When the Man of Tomorrow replaced the Caped Crusader with a new partner it led to a review of ‘The Origin of the Superman-Batman Team’ by Hamilton, Sprang & Kaye after which Dave Wood, Sprang & Ray Burnley pitted the now equally multi-powered and alien-entranced champions against each other in ‘The Battle of the Super-Heroes’ from WF #95.

A magical succession of magnificent and whacky classics began in #96 with Hamilton’s ‘The Super-Foes From Planet X’ as indolent and effete aliens dispatched fantastic monsters to battle the titanic trio for the best possible reasons, before Bill Finger took over scripting and turned the Man of Steel on his greatest friends in ‘The Day Superman Betrayed Batman’ after which ‘The Menace of the Moonman!’ pitted the heroes against a deranged hyper-powered astronaut, ‘Batman’s Super-Spending Spree!’ baffled all his close friends and Luthor then trapped Superman in the newly recovered Bottle City of Kandor and became ‘The Dictator of Krypton City’ – all astounding epics beautifully limned by Sprang & Kaye.

Sprang inked himself in the rocket-paced super-crime thriller ‘The Menace of the Atom-Master’ whilst it took Swan, Burnley, Sprang & Paris to properly unveil the titanic tragedy of ‘The Caveman from Krypton’ in #102.
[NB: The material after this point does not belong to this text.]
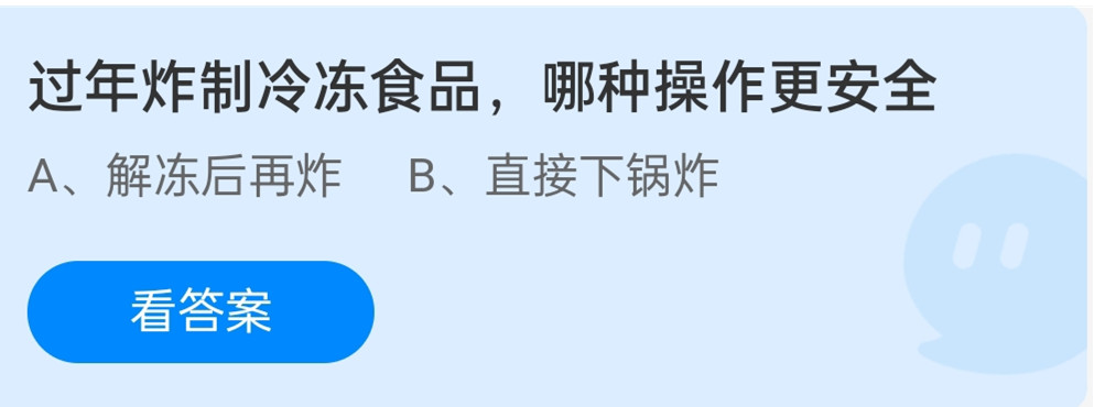 在蚂蚁庄园小课堂1月20日的问答中其中的一个问题是:过年炸制冷冻食品,哪种操作更安全?很多的小伙伴还不知道正确的答案,今天去秀的小编就给大家带来了详细的介绍,有需要的小伙伴就一起来看看吧!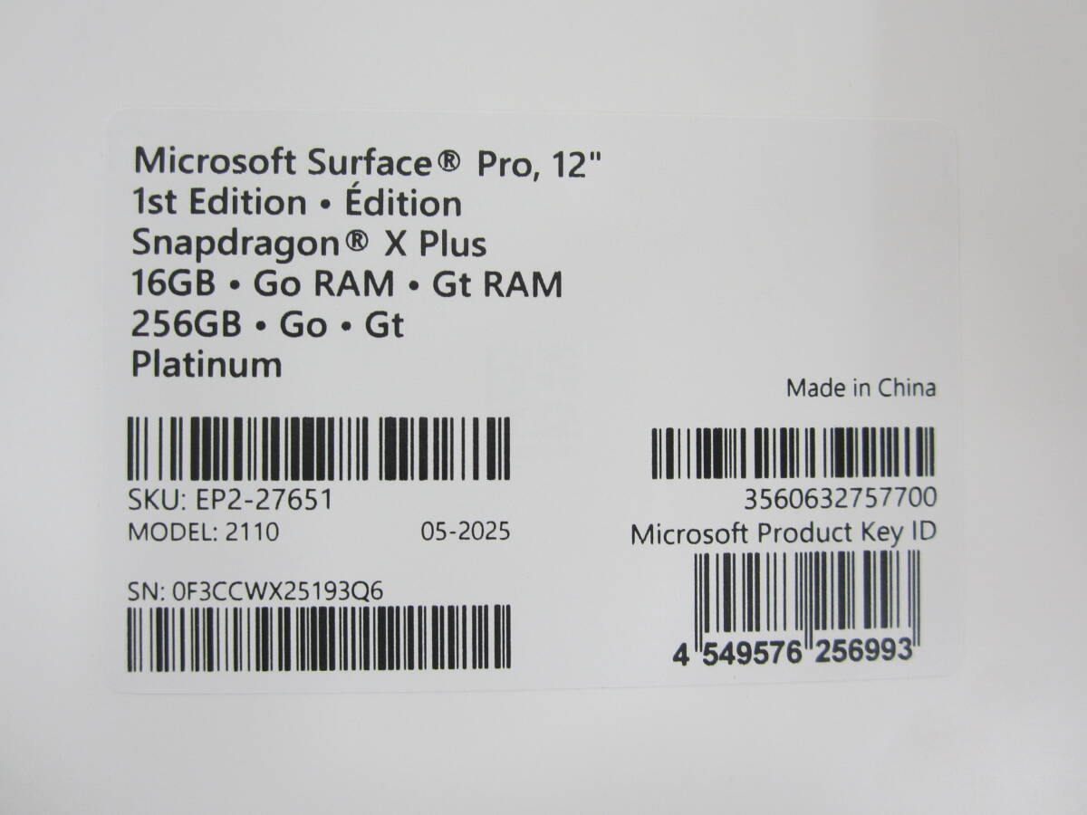 Product name: 未開封 Microsoft Surface Pro 12 インチ EP2-27651 Snapdragon X Plus 16GB/256GB タブレットPC マイクロソフト 激安1円スタート

‘The Secret of the Sorcerer’s Treasure’ (art by Sprang & Paris) found two treasure hunters driven mad by the tempting power unearthed magical artefacts and Luthor quickly regretted used a hostage Batwoman to facilitate ‘The Plot to Destroy Superman’ whereas the metamorphosis which turned Clark Kent into ‘The Alien Superman’ proved not at all what it seemed.

‘The Duplicate Man’ in WF #106 had developed an almost unbeatable crime tool – whereas ‘The Secret of the Time-Creature’ spanned centuries and produced one of Finger’s very best detective thrillers to baffle but never stump the Terrific Team.
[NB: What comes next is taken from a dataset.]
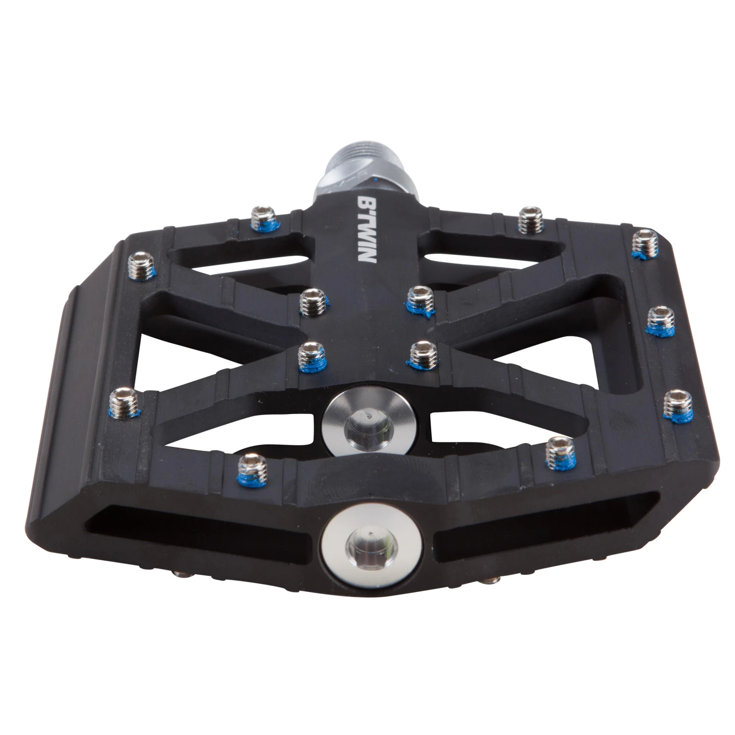 Our 900 flat pedals are made from aluminium for adults doing all-mountain, enduro or freeride mountain biking.Enjoy increased stability and control for even longer while riding, all thanks to these flat pedals’ width and adjustable studs.

Jerry Coleman took over scripting with ‘The Star Creatures’, (art by Sprang & Paris), the tale of an extraterrestrial moviemaker whose deadly props were stolen by Earth crooks, whilst ‘The Bewitched Batman’ drawn by Swan & Kaye, was a tense race to save the Gotham Guardian from an ancient curse and ‘The Alien who Doomed Robin’ (Sprang & Sheldon Moldoff) saw a symbiotic link between monster marauder and Boy Wonder leave the senior heroes apparently helpless… at least for a little while…

This inaugural black and white chronicle concludes with ‘Superman’s Secret Kingdom’ by Finger, Sprang & Moldoff from World’s Finest #111 (August 1960): a compelling lost world yarn wherein a cataclysmic holocaust deprives the Man of Steel of his memory and Batman and Robin have to find and cure him at all costs…

These are gloriously clever yet uncomplicated tales whose dazzling style has returned to inform if not dictate the form for much of DC’s modern television animation – especially the fabulous Batman: the Brave and the Bold series – and the contents of this tome are a veritable feast of witty, charming thrillers packing as much punch and wonder now as they always have.